Task - Down to the last line, print the entries below exactly, and keep every picture out of the copy.

[Entries taken from a collection]
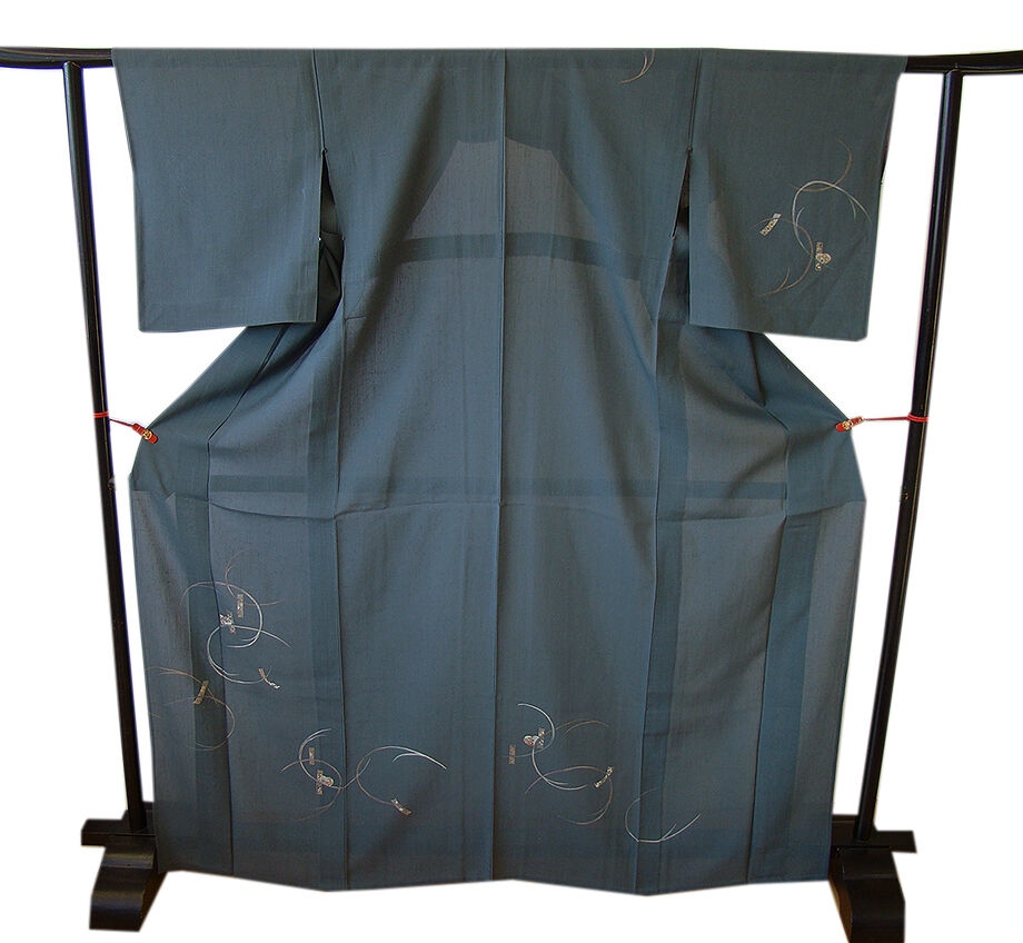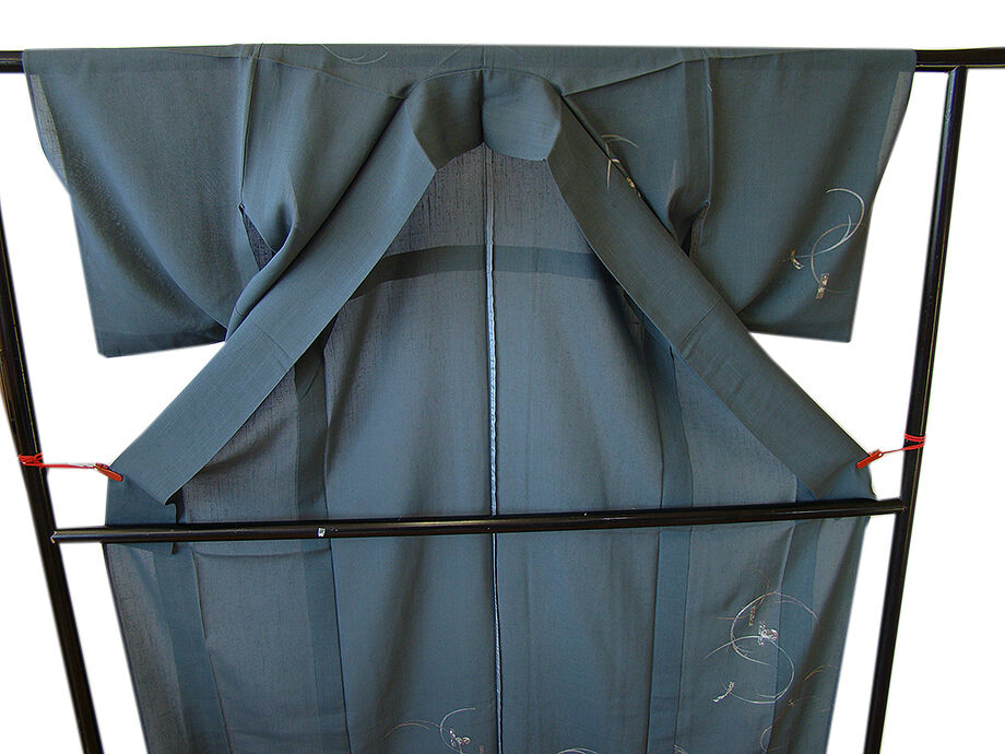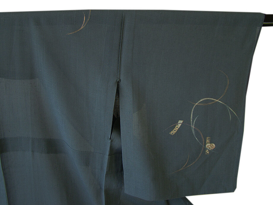 | 商品説明 | こちらのお品は夏物でございますので、7月~8月にお召頂ければと思います。 「紗」と言えば、絽と双璧を成す夏のお着物の生地で、 その最大の魅力は絶妙の透かし加減でございます。 清涼感溢れる地の風を通すしなやかさは、 夏に着物を着るという贅沢を快適に愉しませてくれる事でしょう。 着物には、大きく分けて「袷(あわせ)の着物」と「単衣(ひとえ)の着物」と「夏着物」があります。 反物(表地)を着物に仕立てるときに、裏地類をつけるものを袷の着物、 つけないものを単衣の着物と呼び、胴裏や八掛といった裏地がつかない一枚ものの着物です。 また裏地がないため、座る時などにヒップのラインが目立たないよう、 居敷当て(いしきあて)の生地をつけることもあります。 居敷当ては付いておりません。 大変にしなやかでさらりとした透け感が愉しく、独特のシャリ感に満ち溢れた 肌にべた付かない極上の風合いを纏う、「紗紬」の生地は、 渋いむしあお色地に短冊柄の染柄に金彩加工仕立て、 女性の美しい表情と凛とした麗しさを醸す洗練された印象を身に着ける逸品です。 |
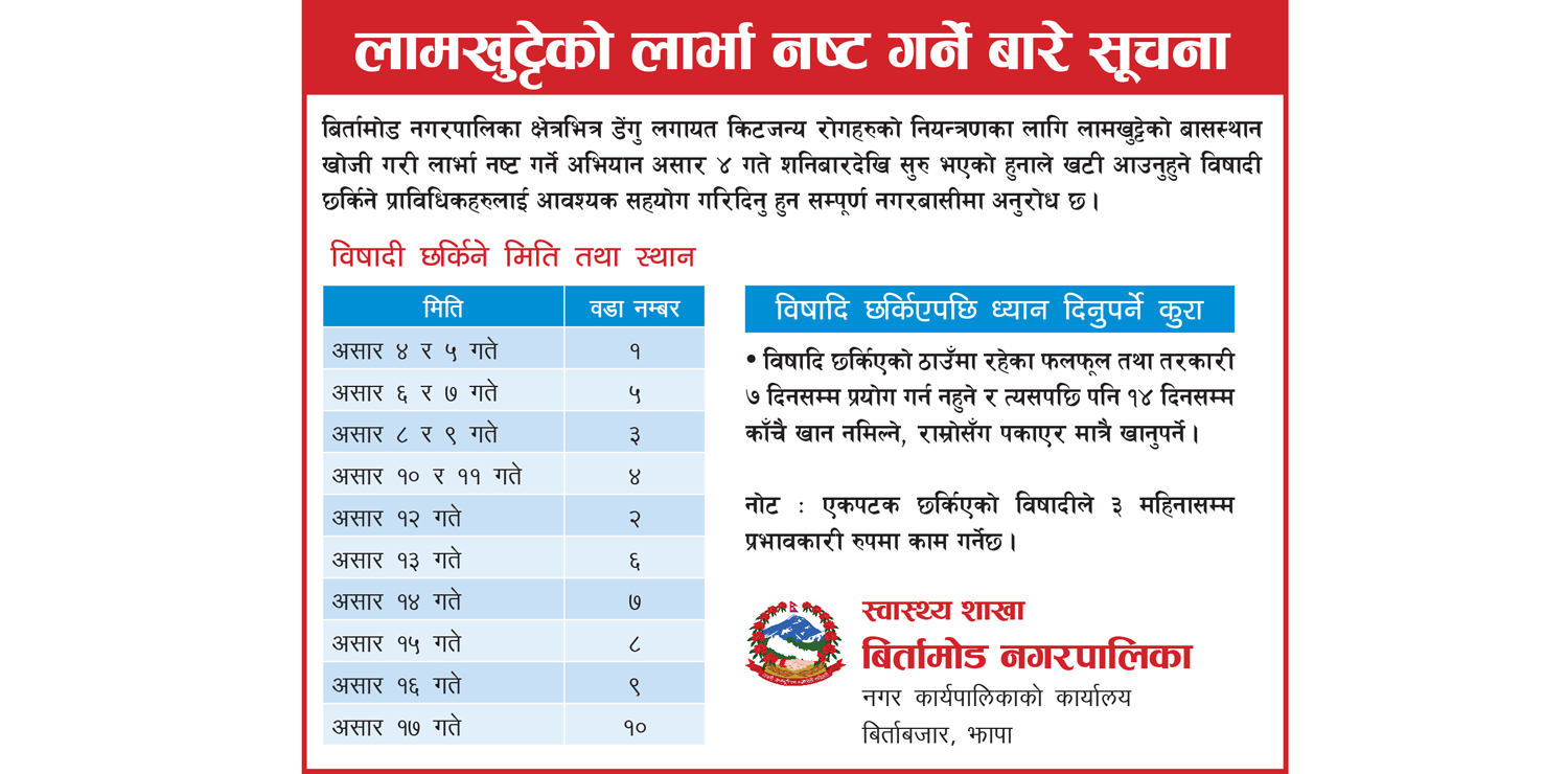 बिर्तामोड नगरपालिकाको सूचना ! Facebook Comments Box झापा अनलाइन+ postsBioझापा अनलाइन बिर्तामोडबाट सञ्चालित अनलाइन न्यूज पोर्टल हो । यसमा प्रकाशित समाचारबारे कुनै प्रतिक्रिया भए jhapaonline75@gmail.com मा इमेल गर्नुहोला ।झापा अनलाइनhttps://jhapaonline.com/author/jhapaonlineनुहाउने क्रममा डुबेर १ युवकको मृत्युझापा अनलाइनhttps://jhapaonline.com/author/jhapaonlineनेपालले युएईलाई दियो २०१ रनको लक्ष्यझापा अनलाइनhttps://jhapaonline.com/author/jhapaonlineआज वैशाख १२ महाभूकम्प गएको दिनझापा अनलाइनhttps://jhapaonline.com/author/jhapaonlineताप्लेजुङमा अव्यवस्थित संरचना हटाउन ७ दिने अल्टिमेटम
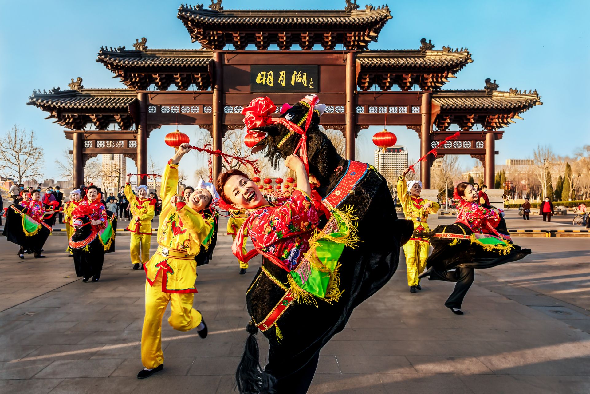 大年初一一早,先放爆竹,叫作“开门炮仗”。爆竹声后,碎红满地,灿若云锦,称为“满堂红”。这时满街瑞气,喜气洋洋,拜年也开始了,一般持续到二月初二“龙抬头”。
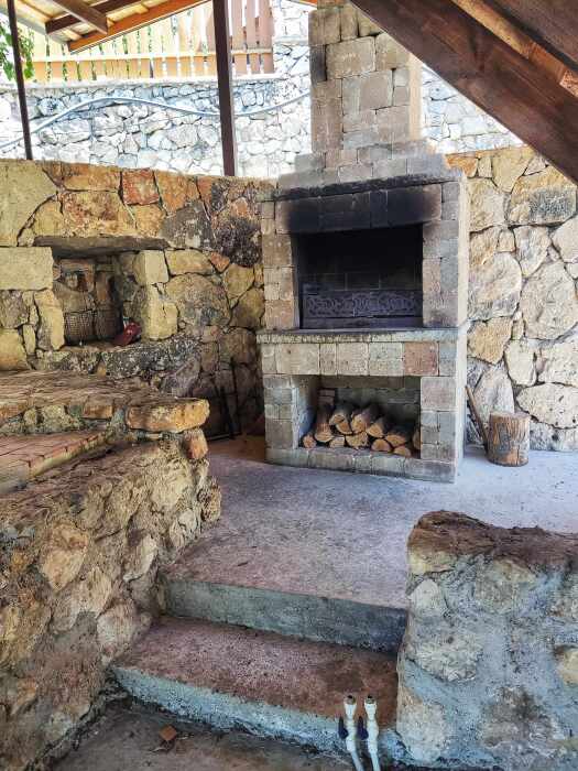 На территории: беседка с мангалом, банный чан, баня, парковка.
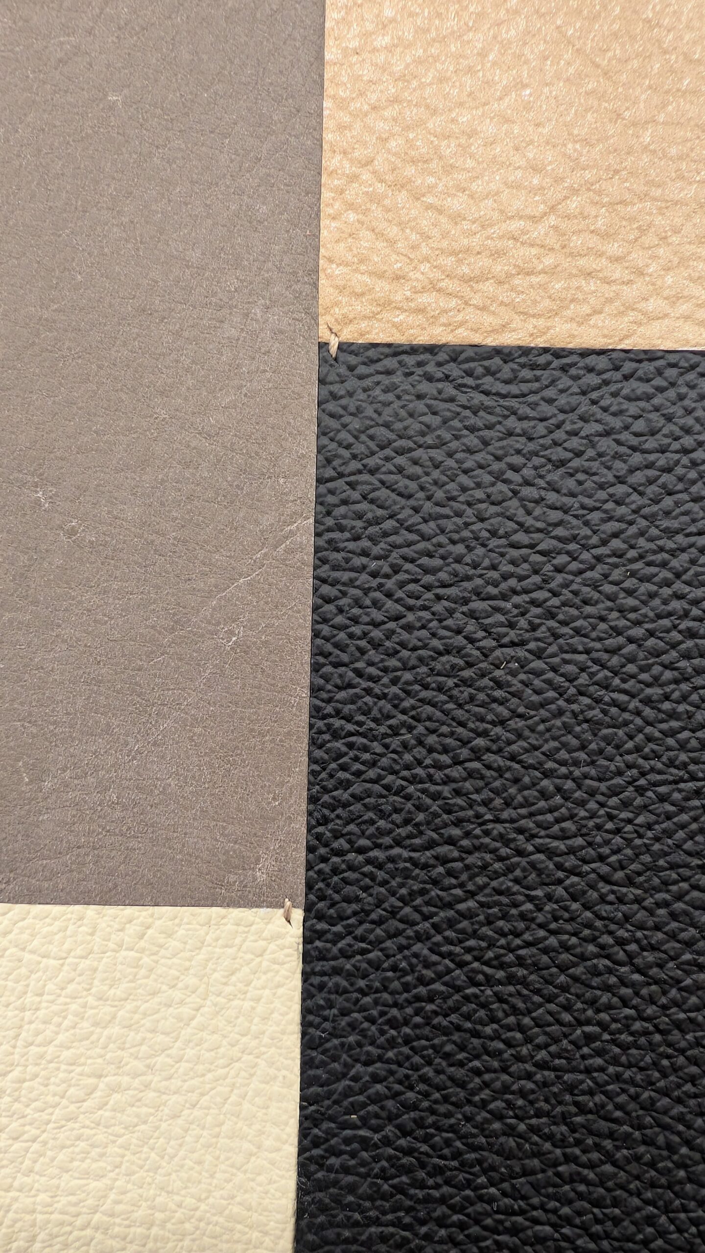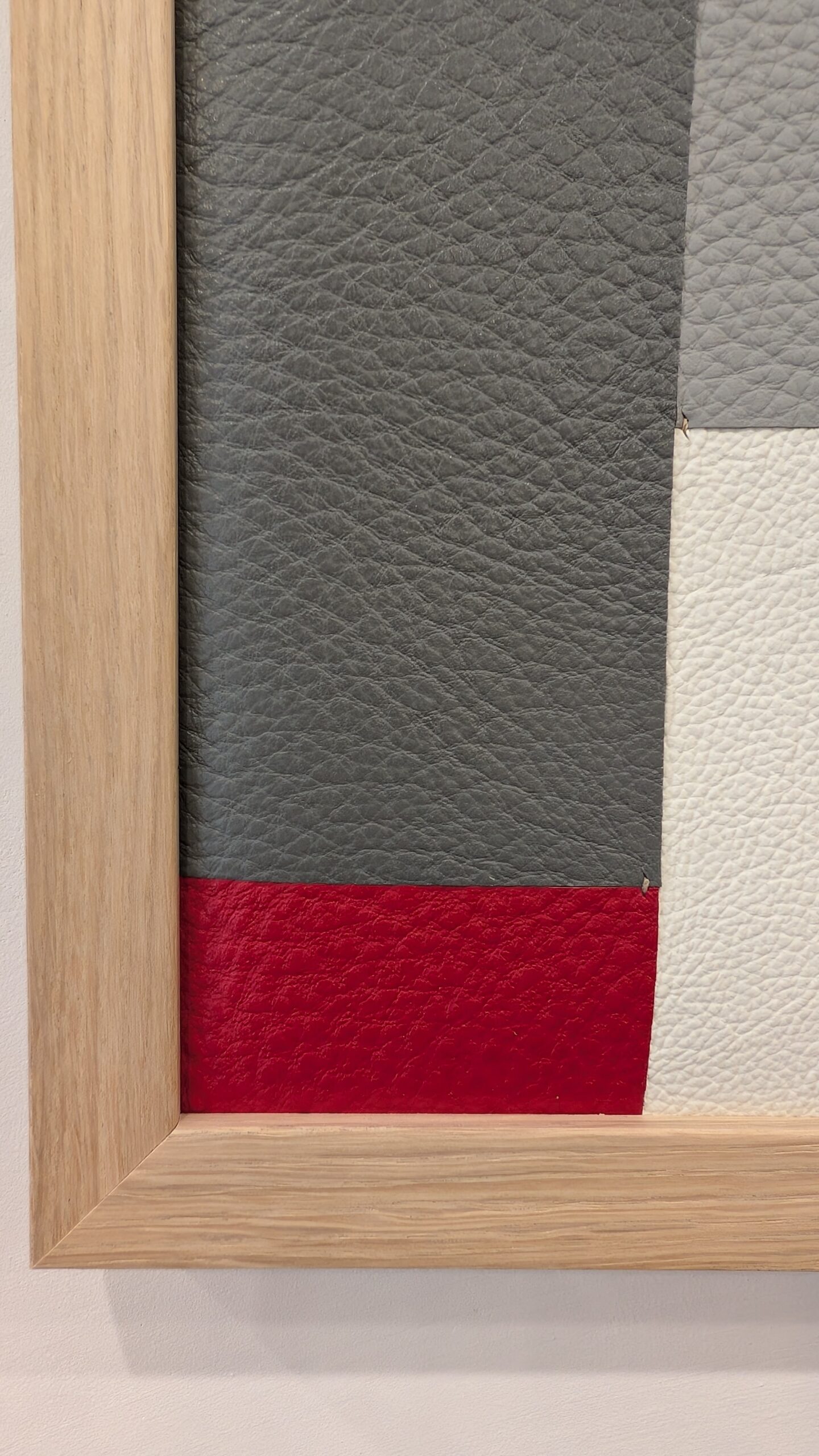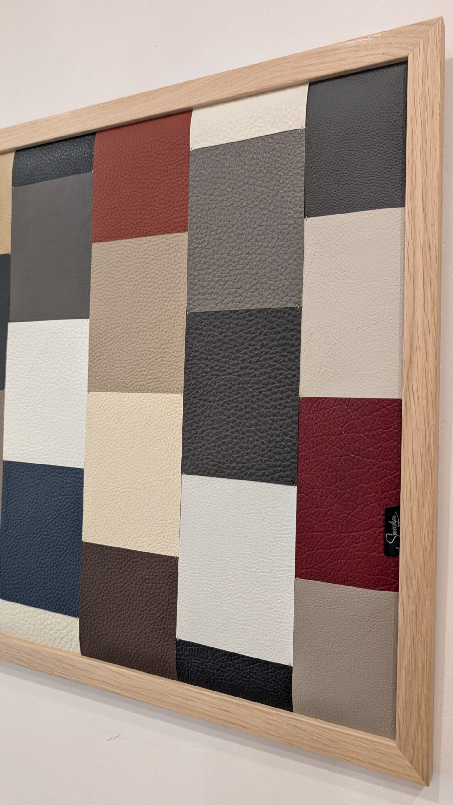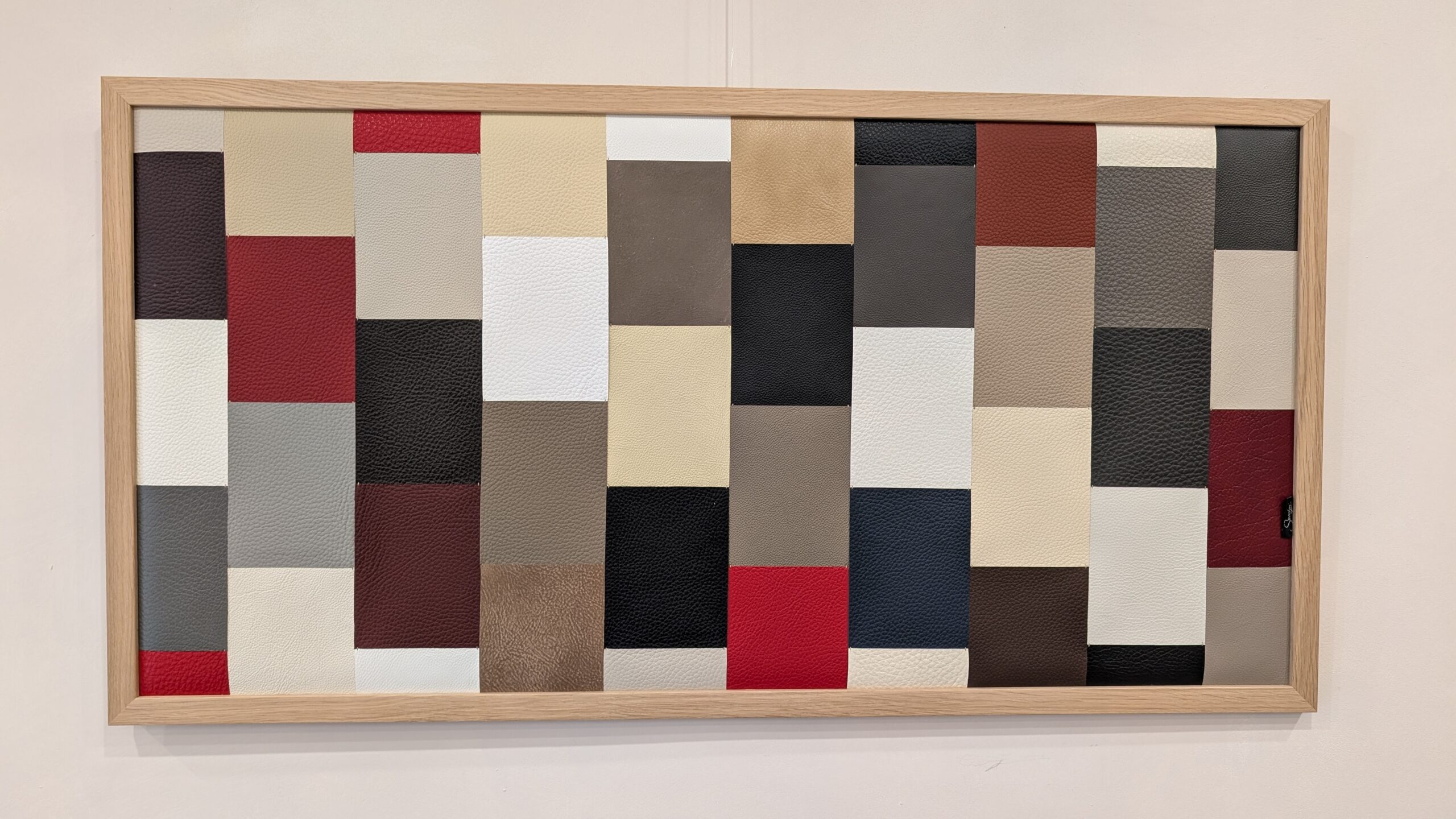 Différents cuirs de bovins définissent le tableau. Couture main.

Solution to this problem -
 | 商品説明 | こちらのお品は夏物でございますので、7月~8月にお召頂ければと思います。 「紗」と言えば、絽と双璧を成す夏のお着物の生地で、 その最大の魅力は絶妙の透かし加減でございます。 清涼感溢れる地の風を通すしなやかさは、 夏に着物を着るという贅沢を快適に愉しませてくれる事でしょう。 着物には、大きく分けて「袷(あわせ)の着物」と「単衣(ひとえ)の着物」と「夏着物」があります。 反物(表地)を着物に仕立てるときに、裏地類をつけるものを袷の着物、 つけないものを単衣の着物と呼び、胴裏や八掛といった裏地がつかない一枚ものの着物です。 また裏地がないため、座る時などにヒップのラインが目立たないよう、 居敷当て(いしきあて)の生地をつけることもあります。 居敷当ては付いておりません。 大変にしなやかでさらりとした透け感が愉しく、独特のシャリ感に満ち溢れた 肌にべた付かない極上の風合いを纏う、「紗紬」の生地は、 渋いむしあお色地に短冊柄の染柄に金彩加工仕立て、 女性の美しい表情と凛とした麗しさを醸す洗練された印象を身に着ける逸品です。 |
 बिर्तामोड नगरपालिकाको सूचना ! Facebook Comments Box झापा अनलाइन+ postsBioझापा अनलाइन बिर्तामोडबाट सञ्चालित अनलाइन न्यूज पोर्टल हो । यसमा प्रकाशित समाचारबारे कुनै प्रतिक्रिया भए jhapaonline75@gmail.com मा इमेल गर्नुहोला ।झापा अनलाइनhttps://jhapaonline.com/author/jhapaonlineनुहाउने क्रममा डुबेर १ युवकको मृत्युझापा अनलाइनhttps://jhapaonline.com/author/jhapaonlineनेपालले युएईलाई दियो २०१ रनको लक्ष्यझापा अनलाइनhttps://jhapaonline.com/author/jhapaonlineआज वैशाख १२ महाभूकम्प गएको दिनझापा अनलाइनhttps://jhapaonline.com/author/jhapaonlineताप्लेजुङमा अव्यवस्थित संरचना हटाउन ७ दिने अल्टिमेटम
 大年初一一早,先放爆竹,叫作“开门炮仗”。爆竹声后,碎红满地,灿若云锦,称为“满堂红”。这时满街瑞气,喜气洋洋,拜年也开始了,一般持续到二月初二“龙抬头”。
 На территории: беседка с мангалом, банный чан, баня, парковка.
 Différents cuirs de bovins définissent le tableau. Couture main.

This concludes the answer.